SUPPLIED INFORMATION:
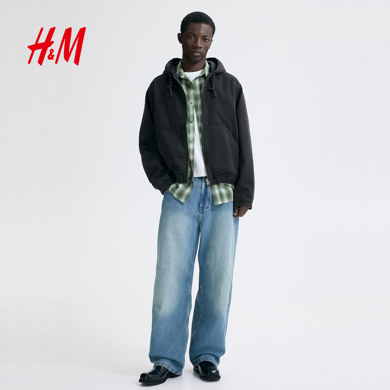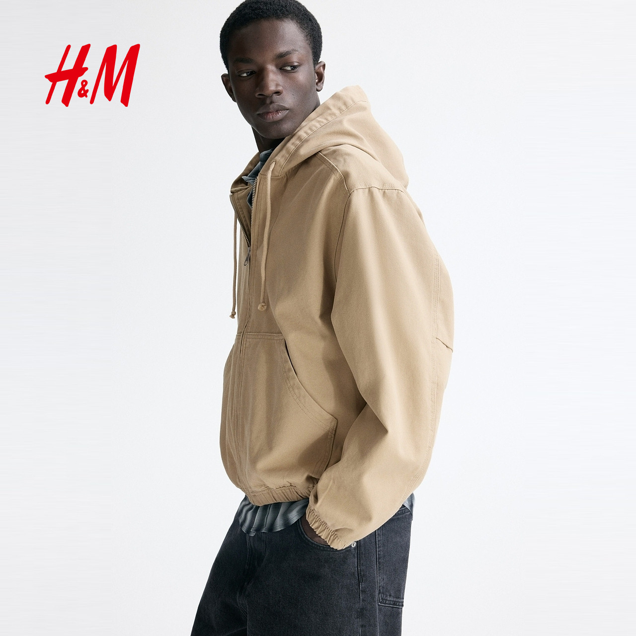 HM男装女装夹克春季情侣装巴恩风户外连帽工装外套1311048
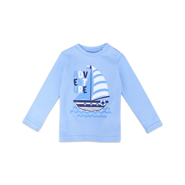 Трикотажный лонгслив с кнопками на плече надевается через голову и доставляет комфорт во время носки. Прелесть такого лонгслива в отсутствии лишних кнопок и застежек – ткань мягко окутывает малыша, не раздражая, не расстегиваясь. Две кнопки на плече позволяют регулировать обхват горловины и облегчают процесс надевания/снятия этого предмета гардероба. Лонгслив сшит из плотной голубой ткани и украшен большим рисунком парусной лодки, плывущей по волнам. Есть надпись на английском «Приключение».
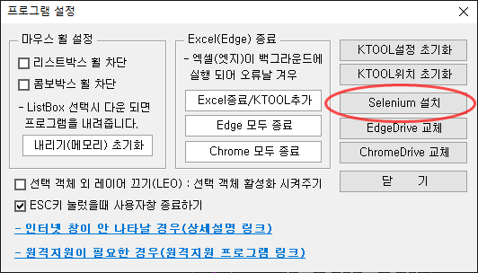 - Selenium 설치 버튼을 클릭해 줍니다. (아래 동그리미)
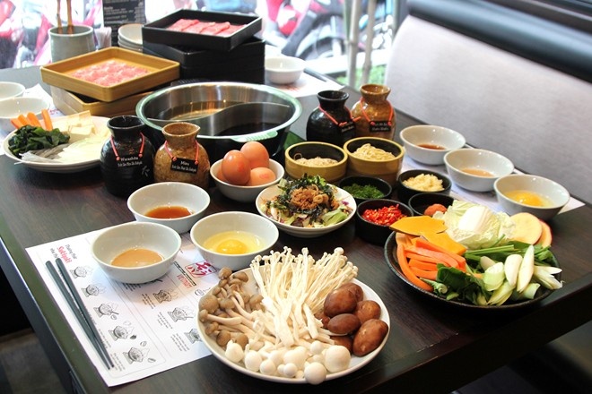 Buffet lẩu. Chỉ mới xuất hiện gần đây nhưng với hàng loạt điểm nhấn như thực phẩm hoàn toàn tự cung tự cấp, nhúng thịt bò chín vào trứng sống, ăn kèm collagen, ăn thỏa thích thịt heo, bò, không gian sang trọng tuyệt đẹp…, buffet lẩu hiện là lựa chọn hàng đầu của những thực khách đề cao thực phẩm tốt cho sức khỏe. |

TASK STATEMENT: The reply should hold every line of the material above, unchanged, and no pictures.

WRITTEN RESPONSE:
 HM男装女装夹克春季情侣装巴恩风户外连帽工装外套1311048
 Трикотажный лонгслив с кнопками на плече надевается через голову и доставляет комфорт во время носки. Прелесть такого лонгслива в отсутствии лишних кнопок и застежек – ткань мягко окутывает малыша, не раздражая, не расстегиваясь. Две кнопки на плече позволяют регулировать обхват горловины и облегчают процесс надевания/снятия этого предмета гардероба. Лонгслив сшит из плотной голубой ткани и украшен большим рисунком парусной лодки, плывущей по волнам. Есть надпись на английском «Приключение».
 - Selenium 설치 버튼을 클릭해 줍니다. (아래 동그리미)
 Buffet lẩu. Chỉ mới xuất hiện gần đây nhưng với hàng loạt điểm nhấn như thực phẩm hoàn toàn tự cung tự cấp, nhúng thịt bò chín vào trứng sống, ăn kèm collagen, ăn thỏa thích thịt heo, bò, không gian sang trọng tuyệt đẹp…, buffet lẩu hiện là lựa chọn hàng đầu của những thực khách đề cao thực phẩm tốt cho sức khỏe. |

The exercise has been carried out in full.